• _Data provided_:
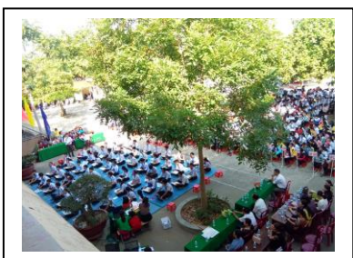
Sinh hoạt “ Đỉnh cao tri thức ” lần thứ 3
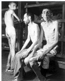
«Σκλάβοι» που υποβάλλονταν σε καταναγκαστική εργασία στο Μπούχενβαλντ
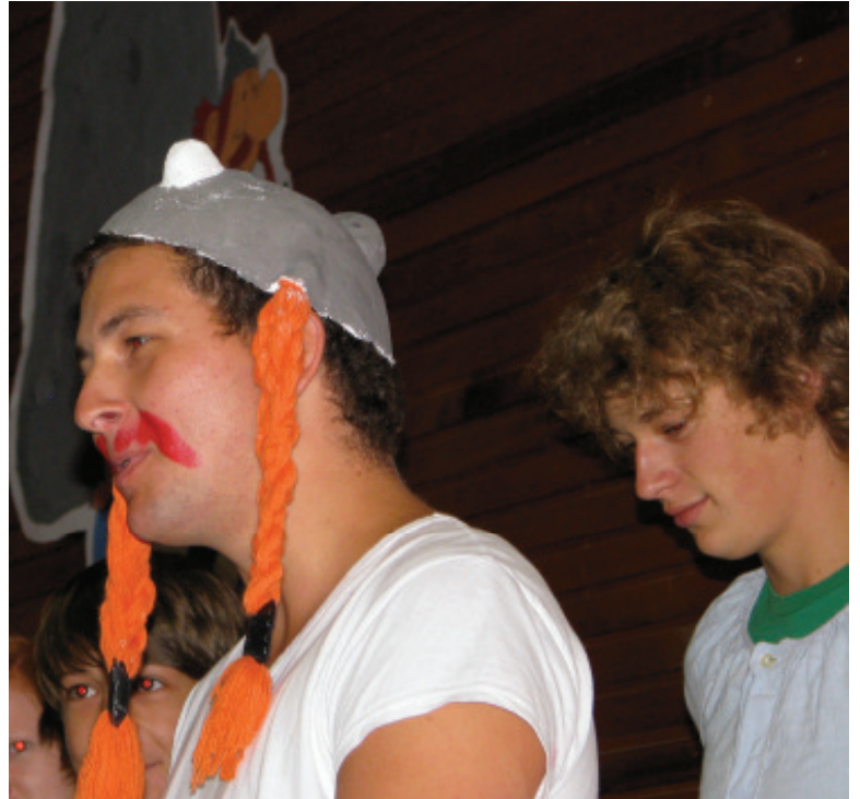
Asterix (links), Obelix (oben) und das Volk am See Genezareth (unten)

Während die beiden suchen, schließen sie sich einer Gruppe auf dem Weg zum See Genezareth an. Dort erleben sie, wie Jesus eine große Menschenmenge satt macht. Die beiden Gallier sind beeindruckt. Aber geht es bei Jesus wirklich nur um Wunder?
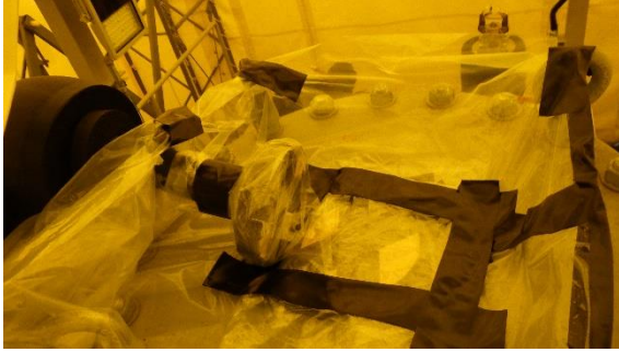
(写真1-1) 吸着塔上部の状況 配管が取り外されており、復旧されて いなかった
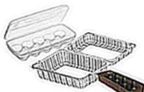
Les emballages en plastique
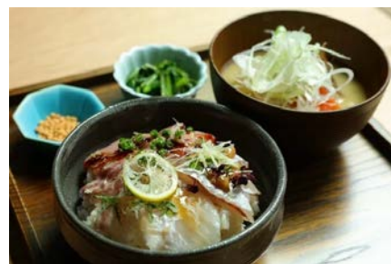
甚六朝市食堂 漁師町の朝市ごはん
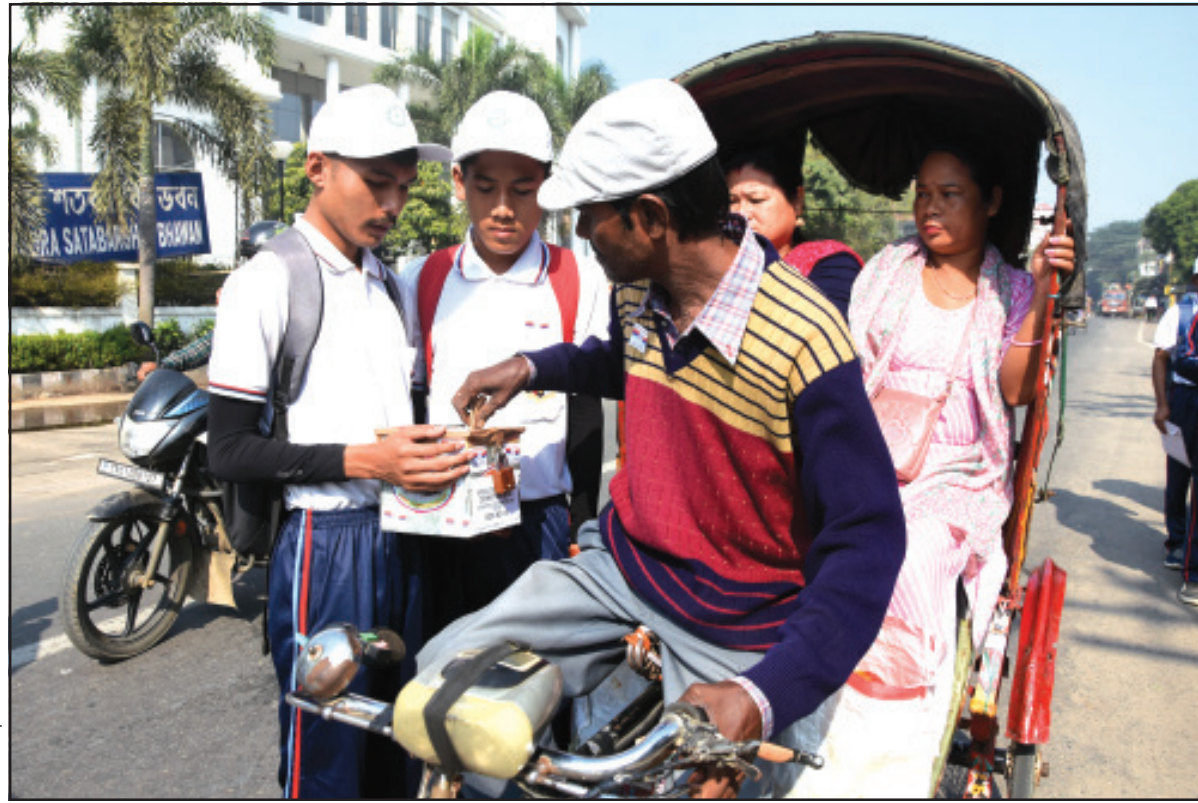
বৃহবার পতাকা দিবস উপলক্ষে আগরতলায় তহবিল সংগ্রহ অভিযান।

==

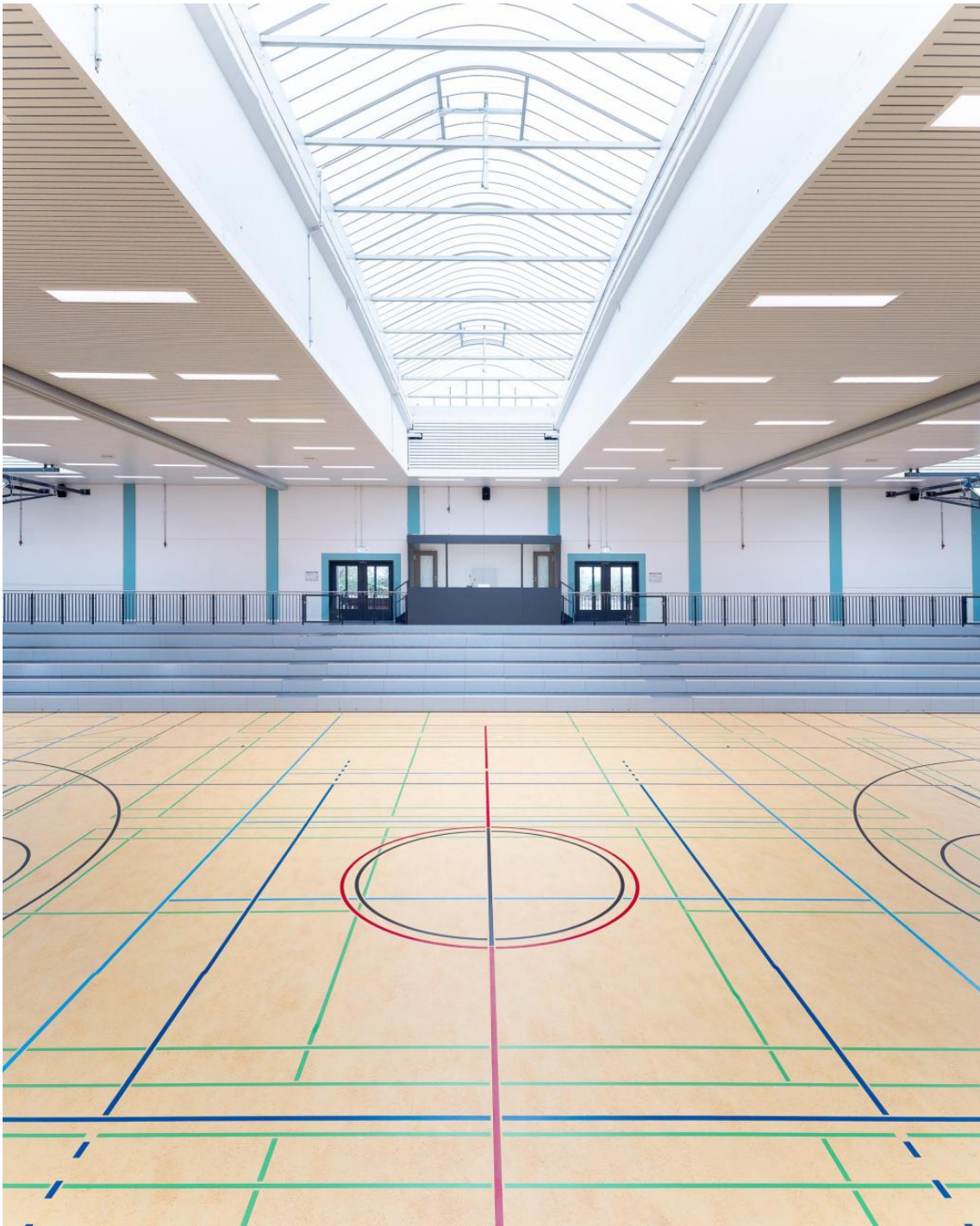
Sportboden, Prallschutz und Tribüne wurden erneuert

* * *

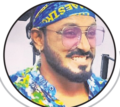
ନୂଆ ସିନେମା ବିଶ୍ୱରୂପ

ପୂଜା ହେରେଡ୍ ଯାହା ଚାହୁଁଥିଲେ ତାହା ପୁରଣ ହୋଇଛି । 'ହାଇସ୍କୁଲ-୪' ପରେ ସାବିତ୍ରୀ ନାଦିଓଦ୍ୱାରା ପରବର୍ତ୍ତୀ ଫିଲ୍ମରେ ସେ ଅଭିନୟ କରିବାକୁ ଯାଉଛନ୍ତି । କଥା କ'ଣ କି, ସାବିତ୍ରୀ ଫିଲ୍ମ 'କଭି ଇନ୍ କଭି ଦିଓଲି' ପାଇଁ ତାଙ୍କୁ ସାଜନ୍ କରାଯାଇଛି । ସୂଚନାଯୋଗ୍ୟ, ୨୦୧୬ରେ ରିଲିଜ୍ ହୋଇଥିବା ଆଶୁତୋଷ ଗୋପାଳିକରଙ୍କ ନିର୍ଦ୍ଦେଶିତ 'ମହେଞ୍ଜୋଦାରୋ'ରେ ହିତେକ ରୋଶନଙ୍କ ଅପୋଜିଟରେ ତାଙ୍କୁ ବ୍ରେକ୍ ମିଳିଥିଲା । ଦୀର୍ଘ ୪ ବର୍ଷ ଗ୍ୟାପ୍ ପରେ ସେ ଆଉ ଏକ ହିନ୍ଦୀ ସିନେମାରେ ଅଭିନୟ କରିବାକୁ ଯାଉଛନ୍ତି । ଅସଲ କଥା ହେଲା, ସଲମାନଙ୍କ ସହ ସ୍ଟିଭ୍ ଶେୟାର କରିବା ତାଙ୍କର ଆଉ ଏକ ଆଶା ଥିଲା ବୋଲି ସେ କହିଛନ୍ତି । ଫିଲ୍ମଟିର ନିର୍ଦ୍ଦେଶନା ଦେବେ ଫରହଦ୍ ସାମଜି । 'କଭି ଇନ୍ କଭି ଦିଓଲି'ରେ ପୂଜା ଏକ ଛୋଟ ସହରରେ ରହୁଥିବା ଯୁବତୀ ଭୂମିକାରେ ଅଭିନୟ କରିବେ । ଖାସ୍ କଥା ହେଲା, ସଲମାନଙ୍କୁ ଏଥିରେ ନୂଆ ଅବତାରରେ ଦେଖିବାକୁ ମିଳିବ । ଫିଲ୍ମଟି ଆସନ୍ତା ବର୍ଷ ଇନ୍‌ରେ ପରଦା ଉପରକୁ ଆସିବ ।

• _Work instruction_: Please report every line of the listing that contains the string "Genezareth".

• _Result for this exercise_:
Asterix (links), Obelix (oben) und das Volk am See Genezareth (unten)
Während die beiden suchen, schließen sie sich einer Gruppe auf dem Weg zum See Genezareth an. Dort erleben sie, wie Jesus eine große Menschenmenge satt macht. Die beiden Gallier sind beeindruckt. Aber geht es bei Jesus wirklich nur um Wunder?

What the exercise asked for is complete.